1. Segundo o art. 34 do CTN, consideram-se contribuintes do IPTU o proprietário do imóvel, o titular do seu domínio útil ou o seu possuidor a qualquer título.
2. A jurisprudência desta Corte Superior é no sentido de que tanto o promitente comprador (possuidor a qualquer título) do imóvel quanto seu proprietário/promitente vendedor (aquele que tem a propriedade registrada no Registro de Imóveis) são contribuintes responsáveis pelo pagamento do IPTU. Precedentes: RESP n.º 979.970/SP, Rel. Min. Luiz Fux, Primeira Turma, DJ de 18.6.2008; AgRg no REsp 1022614 / SP, Rel. Min. Humberto Martins, Segunda Turma, DJ de 17.4.2008; REsp 712.998/RJ, Rel. Min. Herman Benjamin, Segunda Turma, DJ 8.2.2008 ; REsp 759.279/RJ, Rel. Min. João Otávio de Noronha, Segunda Turma, DJ de 11.9.2007; REsp 868.826/RJ, Rel. Min. Castro Meira, Segunda Turma, DJ 1º.8.2007; REsp 793073/RS, Rel. Min. Castro Meira, Segunda Turma, DJ 20.2.2006.
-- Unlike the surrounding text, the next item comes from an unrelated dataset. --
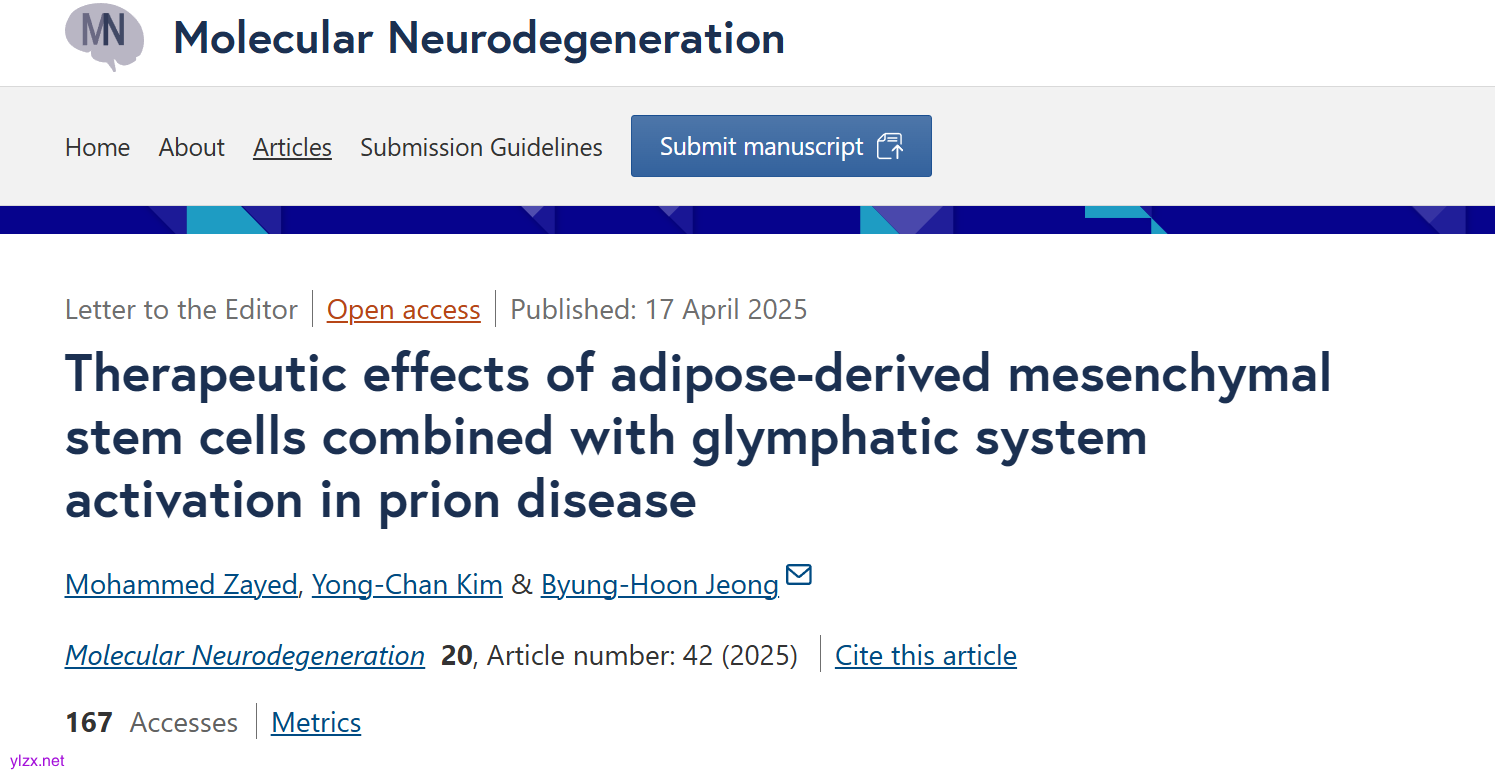 Zayed, M., Kim, YC., & Jeong, BH. (2025). Therapeutic effects of adipose-derived mesenchymal stem cells combined with glymphatic system activation in prion disease. Molecular Neurodegeneration, 20(1), 42. https://doi.org/10.1186/s13024-025-00835-y

3. "Ao legislador municipal cabe eleger o sujeito passivo do tributo, contemplando qualquer das situações previstas no CTN. Definindo a lei como contribuinte o proprietário, o titular do domínio útil, ou o possuidor a qualquer título, pode a autoridade administrativa optar por um ou por outro visando a facilitar o procedimento de arrecadação" (REsp 475.078/SP, Rel. Min. Teori Albino Zavascki, DJ 27.9.2004).
4. Recurso especial provido. Acórdão sujeito ao regime do art. 543-C do CPC e da Resolução STJ 08/08". (STJ - REsp: 1111202 SP 2009/0009142-6, Relator: Ministro MAURO CAMPBELL MARQUES, Data de Julgamento: 10/06/2009, S1 - PRIMEIRA SEÇÃO, Data de Publicação: 20090618 --> DJe 18/06/09).
Por oportuno, cabe mencionar que, em recente julgado que cuida de Taxa Imobiliária - TRSD Taxa de Coleta, Remoção e Destinação de Resíduos Sólidos Domiciliares (REsp n.º 2059707/PE), o Ministro Mauro Campbell prolatou decisão monocrática exatamente no sentido da Tese n.º 122 - REsp n.º 1.111.202/SP, dando provimento ao recurso especial interposto em face de acórdão do Tribunal Regional Federal da 5ª Região que, a despeito da ausência de registro do título translativo no cartório de imóveis, tinha acolhido a ilegitimidade passiva de uma entidade de conselho profissional. Veja-se trecho da decisão:
Conforme o cediço entendimento do Superior Tribunal de Justiça, a transmissão da propriedade imobiliária, a teor do disposto no art. 1.245 do CC/2002, opera-se, apenas, com o registro do título translativo no Cartório de Registro de Imóveis competente, sem o qual o alienante continua a ser havido como proprietário do bem imóvel. Nesse mesmo: (AgRg no AREsp n. 305.935/MG, Rel. Ministro Benedito Gonçalves, Primeira Turma, julgado em 3/9/2013, DJe 10/9/2013 e REsp n. 1.824.216/SP, Rel. Ministro Herman Benjamin, Segunda Turma, julgado em 13/8/2019, DJe 5/9/19).
Com efeito, a Primeira Seção do STJ, no julgamento do Recurso Especial repetitivo 1.110.551/SP, de minha relatoria, consolidou a tese segundo a qual tanto o promitente comprador do imóvel quanto seu proprietário/promitente vendedor (aquele que tem a propriedade registrada no Registro de Imóveis) são contribuintes responsáveis pelo pagamento do IPTU, cabendo à legislação do município eleger o sujeito passivo do tributo, a fim de contemplar qualquer das situações previstas no CTN, podendo a autoridade administrativa optar por um ou por outro (desde que previstos na legislação), de modo a facilitar o procedimento de arrecadação.
São essas, portanto, brevíssimas considerações que se pretendia lançar e que visam, no esforço colaborativo, identificar caminhos argumentativos no viés da higidez da execução fiscal municipal quando corretamente indicado o sujeito passivo do IPTU/Taxas Imobiliárias.